Secondly , different map functions would compute the same task in parallel and now it’s time to merge the results. The process of merging is such a way that the same key’s values from different data chunks are collected and their respective values are merged.Example - if the word is ‘balloon’ and from chunk 1 ,the word occurred 10 times and chunk 2 the word occurred 3 times then the result would be merged to {balloon : 13} . The process of grouping the keys is called grouping.The process wherein the results are merged ie the values of the same key are added up is being handled by the reduce function and the process is referred to as reducing, ie it takes all the instances of the same key from different chunks of data.This finding of word occurrences is just one of many operations that could be done by map - reduce.Another job can be of filtering server data , example - lets say if we want to find log files on the server with an error on it , we would simply get all the logs (as input) and then the input of map function would look like {‘log_file_input_1.txt’,”INFO: NO ERROR”} , as the value is having no error , the intermediate output will not be generated , but for pair like {‘log_file_input_12.txt’,” ERROR: heap issue”} , we would give intermediate output.If we have to create a graph network of backlinks , we can use webpages having links as input.If page 1 goes to 2 , 3 , 4 , the pairs could look like {2,1} , {3,1} , {4,1}.Each word in a job is given to a function called EMIT() which takes 2 arguments ie the key and the value.The reduce processing has an emit function with takes the value from the key-value pair for output.Later on , some improvements were made to this traditional approach as it was seen that a lot of computational work was being done in transferring the intermediate data from map to reduce phase.To improve upon this , a combiner function was introduced which will combine results but not from all the different chunks rather combines results its own chunk (locally).

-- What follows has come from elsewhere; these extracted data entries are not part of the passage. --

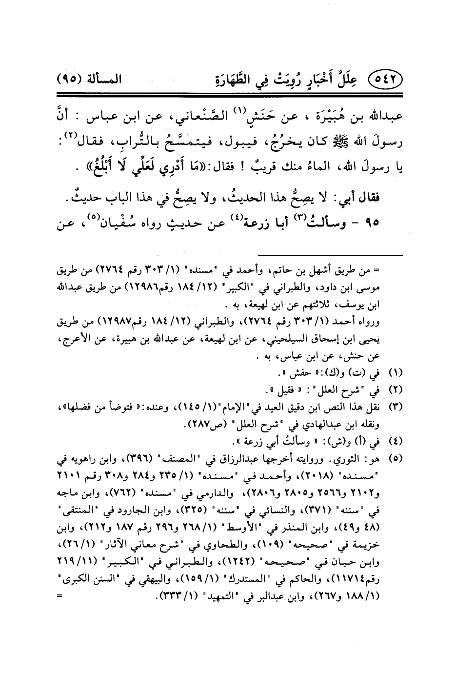 عبد الله بْنِ هُبَيْرَة، عَنْ حَنَشٍ (١) الصَّنْعاني، عَنِ ابْنِ عَبَّاسٍ: أنَّ رسولَ الله (ص) كَانَ يخرُجُ، فَيَبُولُ، فيتمسَّحُ بالتُّرابِ، فَقَالَ (٢) : يَا رسولَ اللَّهِ، الماءُ مِنْكَ قريبٌ! فَقَالَ: مَا أَدْرِي لَعَلِّي لَا أَبْلُغُ.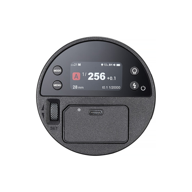 The control is implemented via a color HD display and optimized buttons, and the color-coded groups make it easier to navigate when working with multiple flashes. The housing features a magnetic front bayonet compatible with Godox round accessories, as well as two 1/4"-20 mounting holes and an included adapter.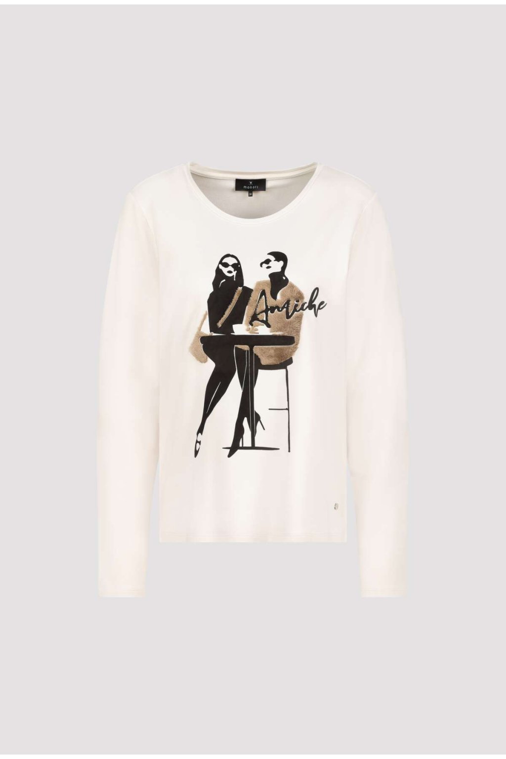 Tento top s dlouhým rukávem kombinuje měkkou viskózu s modalem, atraktivními kožešinovými aplikacemi a okouzlujícím dámským potiskem.

Example for the string “sir , yes sir “ , the mapping would be {sir:1} {yes:1} {sir:1} , but rather than giving this result as intermediate result, we can simply refine this result in a better way like {sir:2} , {yes:1} and then give it to the reduce function , this computation was done by combiner function locally .A partition function is used to segregate intermediate key value pairs thereby reducing overhead.

Strengths of this approach

  • Easy to use by programmers without experience with parallel and distributed systems, since it hides the details of parallelisation, fault-tolerance, locality optimisation, and load balancing. Scalability: plenty of webpages (like millions) are processed with the help of thousands of machines Speed:As parallel processing occurs across multiple machines , wherein each work is just a fraction of net work , the computation is faster. Efficacy: Rescheduling of task is initiated if one machine fails.

    Shortcomings

SHORTCOMINGS

  • Not every operation possible will be conforming to the procedure of the flow of computation of map - reduce , ie from map to shuffling to reducing.

  • Some processes might want to require the previous results of computation but due to parallel processing this is not possible.Moreover , if the datasets are joined , the workload increases.Secondly , the infrastructure of map reduce is such that it can do batch processing but when it comes to real time data processing , it fails.

  • Apache kafka service on the other hand , comes to the rescue for this issue.So service like map reduce would wait for large chunks of data to work upon , service like kafka would process data as soon as it arrives.The master node is like a single point of failure. Failure of the master would fail the whole MapReduce job.

Thanks for reading :)